D3. Surveillance is defined as keeping watch over a person’s behaviour, and, perhaps, attitudes. As Hechter (1987) has shown, the need for surveillance is the greatest obstacle to goal achievement among ideological collectivities organized around the production of public goods. Surveillance is not only costly, it is also impractical for many activities in which agents of the collectivity may have to travel and act autonomously and at a distance. It follows from this that all collectivities pursuing public goals will be motivated to find ways to decrease the need for surveillance. Resources used for surveillance are wasted in the sense that they are unavailable for the achievement of collective goals.
D4. A deployable agent is one who is uncritically obedient to directives perceived as charismatically legitimate (Selznick 1960). A deployable agent can be relied on to continue to carry out the wishes of the collectivity regardless of his own hedonic interests and in the absence of any external controls. Deployability can be operationalized as the likelihood that the individual will continue to comply with hitherto ego-dystonic demands of the collectivity (e.g., mending, ironing, mowing the lawn, smuggling, rape, child abuse, murder) when not under surveillance.
D5. Brainwashing is an observable set of transactions between a charismatically structured collectivity and an isolated agent of the collectivity, with the goal of transforming the agent into a deployable agent.

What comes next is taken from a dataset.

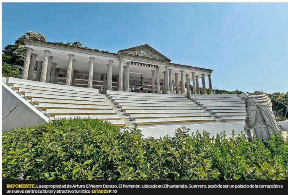
IMPONENTE. La expropiación de Arturo El Negro Durazo. El Partenón, ubicada en Zihuatanejo, Guerrero, pasó de ser un palacio de la corrupción a un nuevo centro cultural y atractivo turístico ESTADOS P. 10

PREVÉN HASTA 165 MIL MDP DE DERRAMA POR PUENTE Y EL BUEN FIN NEGOCIOS P. 15

Brainwashing is thus a process of ideological resocialization carried out within a structure of charismatic authority.
The brainwashing process may be operationalized as a sequence of well-defined and potentially observable phases. These hypothesized phases are (1) identity stripping, (2) identification, and (3) symbolic death/rebirth. The operational definition of brainwashing refers to the specific activities attempted, whether or not they are successful, as they are either observed directly by the ethnographer or reported in official or unofficial accounts by members or ex-members. Although the exact order of phases and specific steps within phases may vary from group to group, we should always expect to see the following features, or their functional equivalents, in any brainwashing system: (1) the constant fluctuation between assault and leniency; and (2) the seemingly endless process of confession, re-education, and refinement of confession.
D6. Hyper-credulity is defined as a disposition to accept uncritically all charismatically ordained beliefs. All lovers of literature and poetry are familiar with ‘that willing suspension of disbelief for the moment, which constitutes poetic faith’ (Coleridge 1970: 147). Hyper-credulity occurs when this state of mind, which in most of us is occasional and transitory, is transformed into a stable disposition. Hyper-credulity falls between hyper-suggestibility on the one hand and stable conversion of belief on the other.(12) Its operational hallmark is plasticity in the assumption of deeply held convictions at the behest of an external authority. This is an other-directed form of what Robert Lifton (1968) has called the protean identity state.
D7. Relational Enmeshment is a state of being in which self-esteem depends upon belonging to a particular collectivity (Bion 1959; Bowen 1972; Sirkin and Wynne 1990). It may be operationalized as immersion in a relational network with the following characteristics: exclusivity (high ratio of in-group to out-group bonds), interchangeability (low level of differentiation in affective ties between one alter and another), and dependency (reluctance to sever or weaken ties for any reason). In a developmental context, something similar to this has been referred to by Bowlby (1969) as anxious attachment.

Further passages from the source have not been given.